** Opening Raw data block **

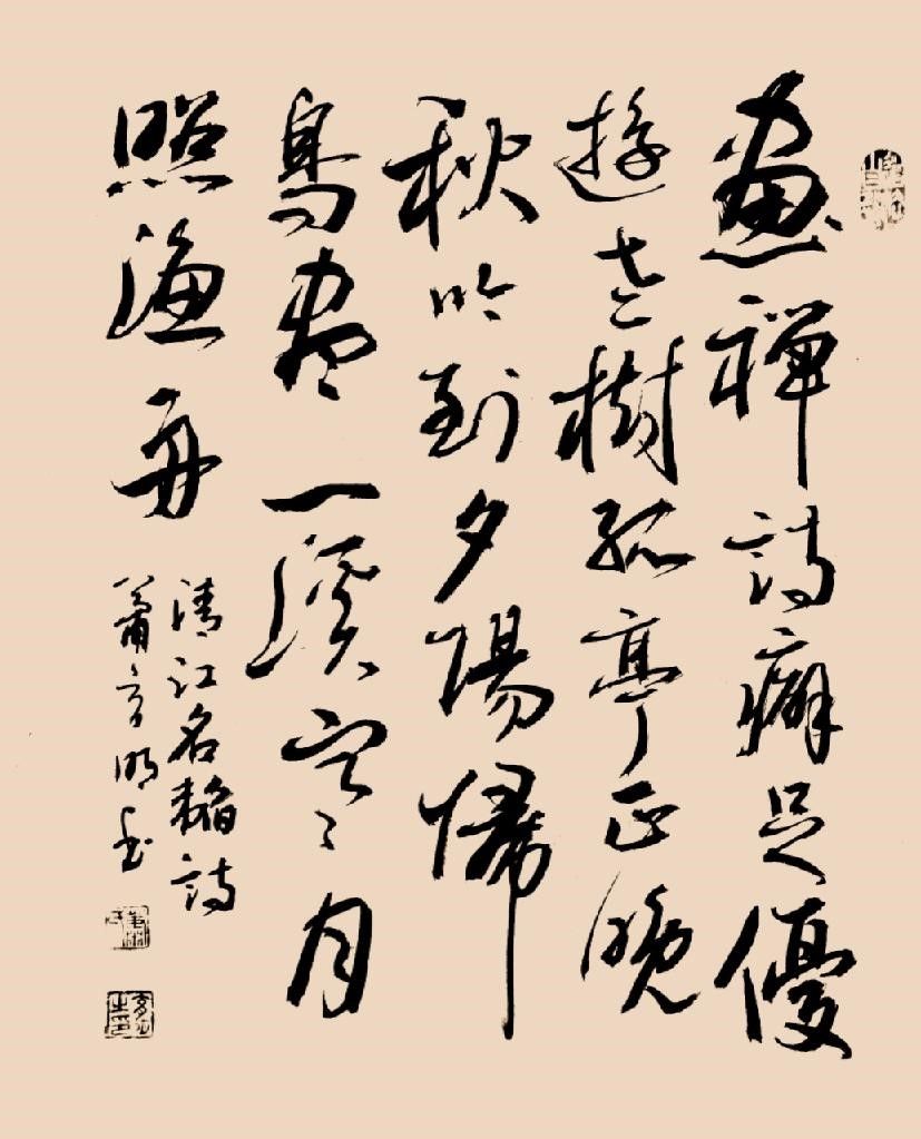 戴叔伦诗《苏溪亭》(释文苏溪亭上草漫漫 谁倚东风十二阑 燕子不归春事晚 一汀烟雨杏花寒) 所以说萧育明先生的书法写得潇然洒脱,天质自然,也是非刻意创作书法的结果。如果书法家硬端着架势去创作书法,哪里会有这种飘风骤雨惊竦竦,落花飞雪何茫茫的丰姿多神呢?纵观他的草书创作,绝不写有失法度的江湖体,也不写骄揉造作的展览体,就是兴来执笔依书抒情的文人书法! 在须臾扫尽数千张的过程中,把书法的书卷气息酝酿得相当到位。适性切意写草书,必是万法皆谬,心自得之的痛快! 从书法有法的磨砺,到书法无法的突破,让萧先生的书法晋升到一个相当高的层次,就是不做书匠也不作书奴的水准。笔墨既师于法帖,也随于时代,所以他的书法总是令人赏心悦目,在圈里圈外荣享口碑,高级别的获奖就不在话下了,还有一些作品因为品质好品位高,被国家博物馆、美术馆等国家机关和知名收藏机构收藏,在艺术拍卖市场也屡传佳迅,让他书法得到高段位收藏的认可,又得到了市场的眷顾,达到这样的水准,就是真实不虚造诣不俗的鉴证!
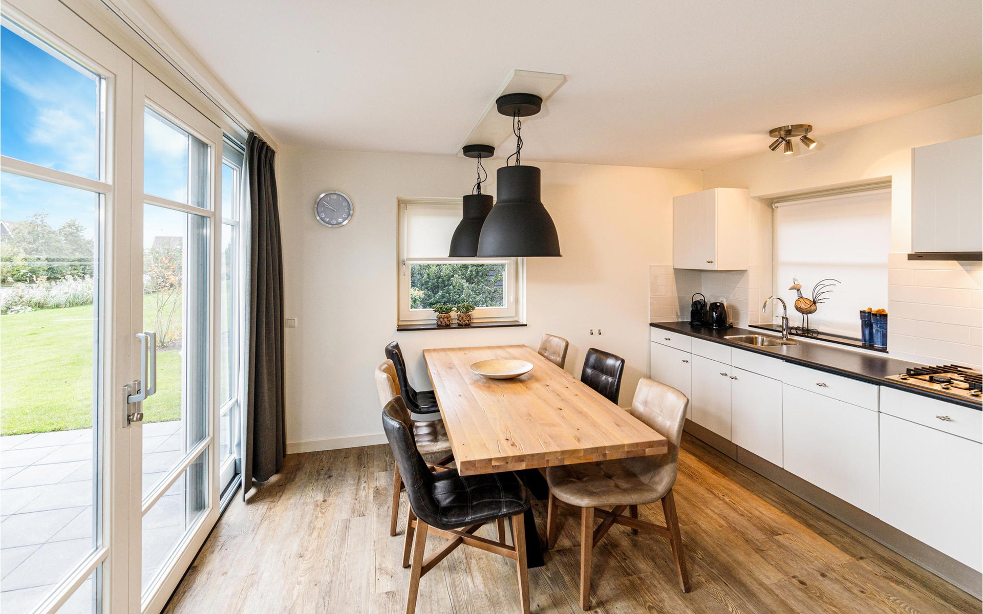 Deze Grote Wiedenwoning ligt vlakbij natuurgebied de Weerribben in een rustig en ruim opgezet vakantiepark in Giethoorn. De begane grond heeft een sfeervolle woonkamer met open keuken, een slaapkamer met badkamer en apart toilet. De andere twee slaapkamers en een extra badkamer bevinden zich op de eerste verdieping. Het huis heeft een eigen aanlegsteiger met zwemtrap. Zo kun je vanuit je tuin een verfrissende duik in het water nemen.
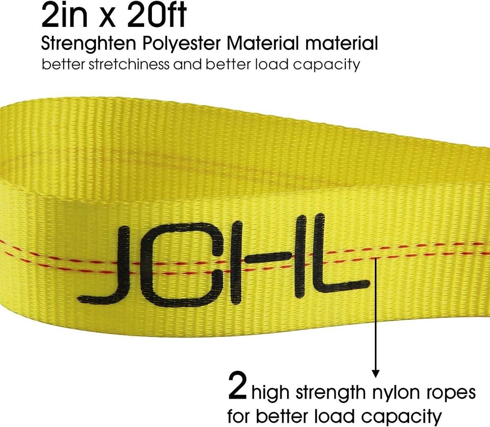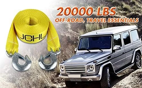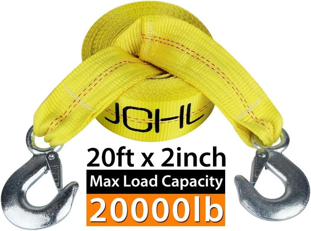 Nylon Tow Strap with Hooks 2”x20’ Car Vehicle 2x20 inch, 2inX20Ft-20,000LB Product Details Size: 2x20 inch Material: Nylon Color: 2inX20Ft-20,000LB Brand: JCHL Vehicle Service Type: Passenger Car, SUV Load Capacity: 20000 pound Fastener Material: Nylon Fastener Type: J-Hook Tensile Strength: 20000 Pounds Number of Pieces: 1 Product Dimensions: 240"L x 2"W Manufacturer: JCHL Unit Count: 1.0 Count Item Weight: 1.75 pounds Is Discontinued By Manufacturer: No Size: 2x20 inch Material: Nylon Color: 2inX20Ft-20,000LB Brand: JCHL Vehicle Service Type: Passenger Car, SUV 2 inch x 20 feet Yellow High Strength Polyester Strap, 20,000Lb Break Strength Capacity Extra heavy-duty tow strap made from high tensile strength nylon which makes the product to withstand pressure. 20,000 lbs towing capacity ensures that you can tow just about anything you need. Universal Use: Heavy duty tow strap 3"*20 ft, 20,000 LB capacity making it reliable for all possible needs. There's a wide range of uses for Vehicle towing, Pickup Trucks, ATV, SUV .Also you can use it as a tree saver strap or winch extension strap. 2 forged safety hooks with retaining clips, ZINC coated finish on hooks offer three times more corrosion resistance.
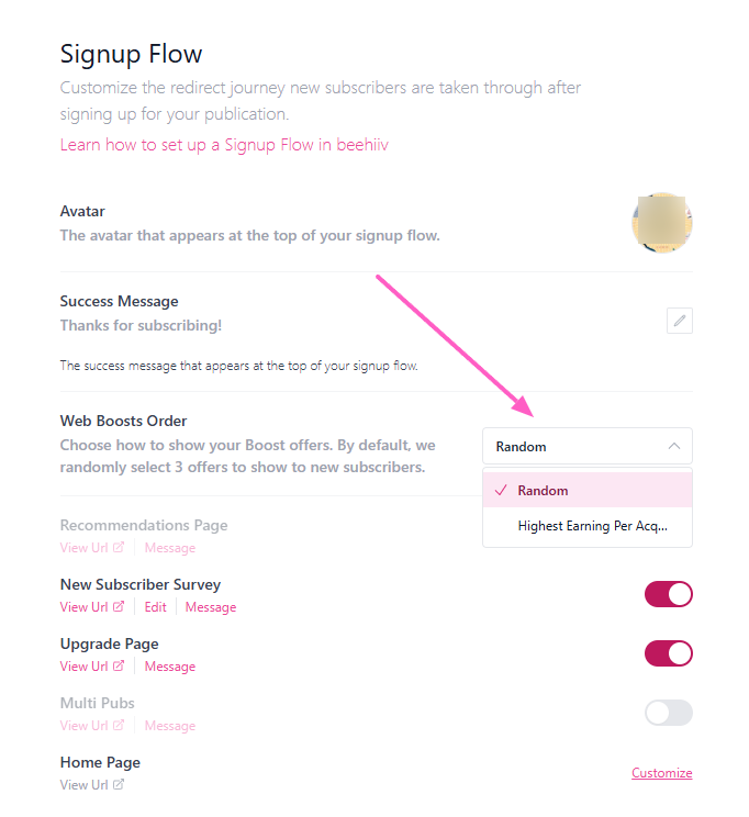Access the Website Builder and select the Settings tab, then click on Signup Flow in the left panel. In the Web Boost Order field, you have the following options:
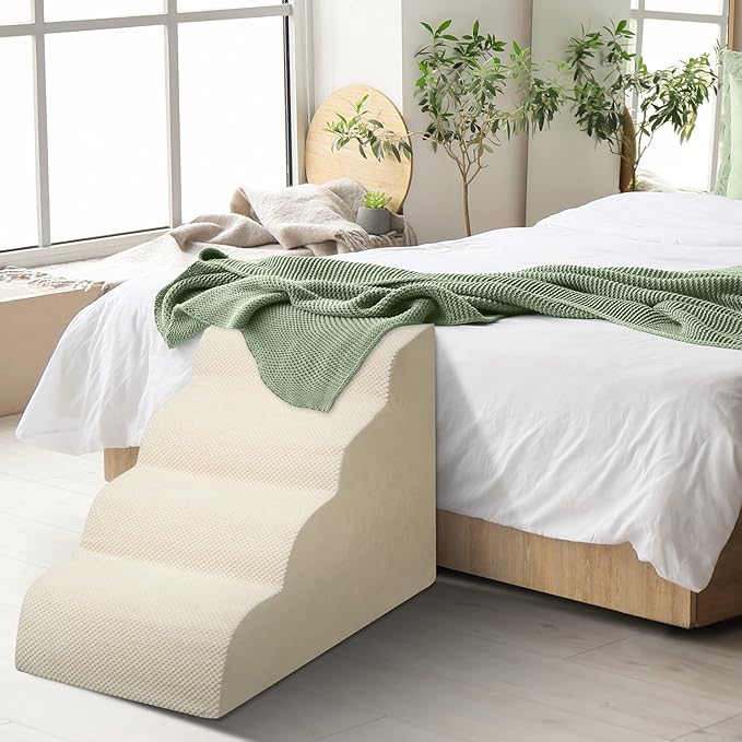 Dog Stairs for Small Dogs - High Density Foam Pet Steps, Extra Wide Dog Ramp with Non-Slip Bottom for High Beds, Couch and Sofa, Best for Dogs Injured, Older Doggy Cats
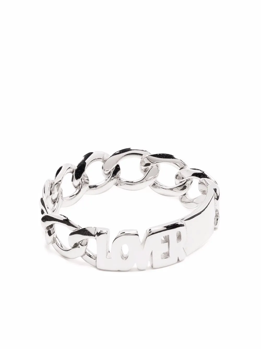 Silver sterling silver Lovers silver ring from MARIA BLACK featuring chain-link detailing and letter charm.
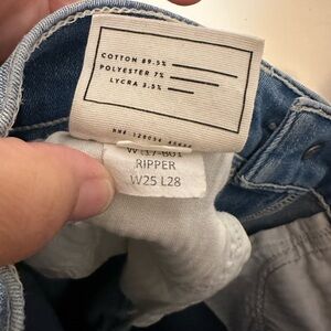 AYR Jeans Womens 25x28 Light Blue Raw Hem Skinny Leg Pockets Stretch Mid Rise
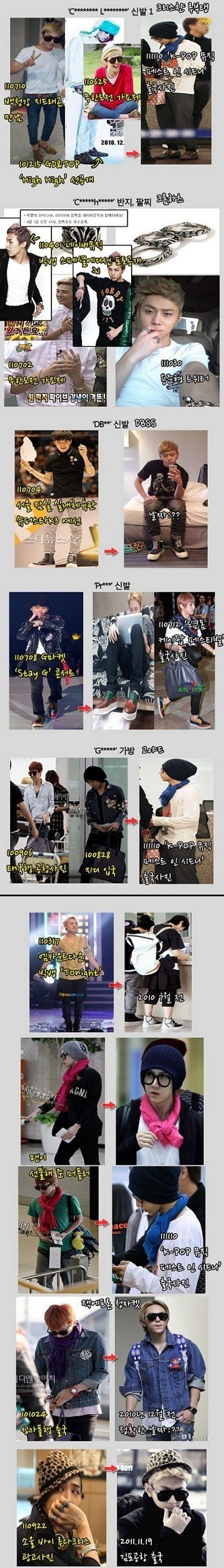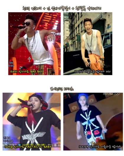 위에서 본 것과 같이 지드래곤이 먼저 한 아이템을 한두달 뒤 따라서 한다.

** Closing Raw data block **

### Task to carry out
Exact copy, no pictures: write out all the records above.

### Reply
 戴叔伦诗《苏溪亭》(释文苏溪亭上草漫漫 谁倚东风十二阑 燕子不归春事晚 一汀烟雨杏花寒) 所以说萧育明先生的书法写得潇然洒脱,天质自然,也是非刻意创作书法的结果。如果书法家硬端着架势去创作书法,哪里会有这种飘风骤雨惊竦竦,落花飞雪何茫茫的丰姿多神呢?纵观他的草书创作,绝不写有失法度的江湖体,也不写骄揉造作的展览体,就是兴来执笔依书抒情的文人书法! 在须臾扫尽数千张的过程中,把书法的书卷气息酝酿得相当到位。适性切意写草书,必是万法皆谬,心自得之的痛快! 从书法有法的磨砺,到书法无法的突破,让萧先生的书法晋升到一个相当高的层次,就是不做书匠也不作书奴的水准。笔墨既师于法帖,也随于时代,所以他的书法总是令人赏心悦目,在圈里圈外荣享口碑,高级别的获奖就不在话下了,还有一些作品因为品质好品位高,被国家博物馆、美术馆等国家机关和知名收藏机构收藏,在艺术拍卖市场也屡传佳迅,让他书法得到高段位收藏的认可,又得到了市场的眷顾,达到这样的水准,就是真实不虚造诣不俗的鉴证!
 Deze Grote Wiedenwoning ligt vlakbij natuurgebied de Weerribben in een rustig en ruim opgezet vakantiepark in Giethoorn. De begane grond heeft een sfeervolle woonkamer met open keuken, een slaapkamer met badkamer en apart toilet. De andere twee slaapkamers en een extra badkamer bevinden zich op de eerste verdieping. Het huis heeft een eigen aanlegsteiger met zwemtrap. Zo kun je vanuit je tuin een verfrissende duik in het water nemen.
 Nylon Tow Strap with Hooks 2”x20’ Car Vehicle 2x20 inch, 2inX20Ft-20,000LB Product Details Size: 2x20 inch Material: Nylon Color: 2inX20Ft-20,000LB Brand: JCHL Vehicle Service Type: Passenger Car, SUV Load Capacity: 20000 pound Fastener Material: Nylon Fastener Type: J-Hook Tensile Strength: 20000 Pounds Number of Pieces: 1 Product Dimensions: 240"L x 2"W Manufacturer: JCHL Unit Count: 1.0 Count Item Weight: 1.75 pounds Is Discontinued By Manufacturer: No Size: 2x20 inch Material: Nylon Color: 2inX20Ft-20,000LB Brand: JCHL Vehicle Service Type: Passenger Car, SUV 2 inch x 20 feet Yellow High Strength Polyester Strap, 20,000Lb Break Strength Capacity Extra heavy-duty tow strap made from high tensile strength nylon which makes the product to withstand pressure. 20,000 lbs towing capacity ensures that you can tow just about anything you need. Universal Use: Heavy duty tow strap 3"*20 ft, 20,000 LB capacity making it reliable for all possible needs. There's a wide range of uses for Vehicle towing, Pickup Trucks, ATV, SUV .Also you can use it as a tree saver strap or winch extension strap. 2 forged safety hooks with retaining clips, ZINC coated finish on hooks offer three times more corrosion resistance.
Access the Website Builder and select the Settings tab, then click on Signup Flow in the left panel. In the Web Boost Order field, you have the following options:
 Dog Stairs for Small Dogs - High Density Foam Pet Steps, Extra Wide Dog Ramp with Non-Slip Bottom for High Beds, Couch and Sofa, Best for Dogs Injured, Older Doggy Cats
 Silver sterling silver Lovers silver ring from MARIA BLACK featuring chain-link detailing and letter charm.
 AYR Jeans Womens 25x28 Light Blue Raw Hem Skinny Leg Pockets Stretch Mid Rise
 위에서 본 것과 같이 지드래곤이 먼저 한 아이템을 한두달 뒤 따라서 한다.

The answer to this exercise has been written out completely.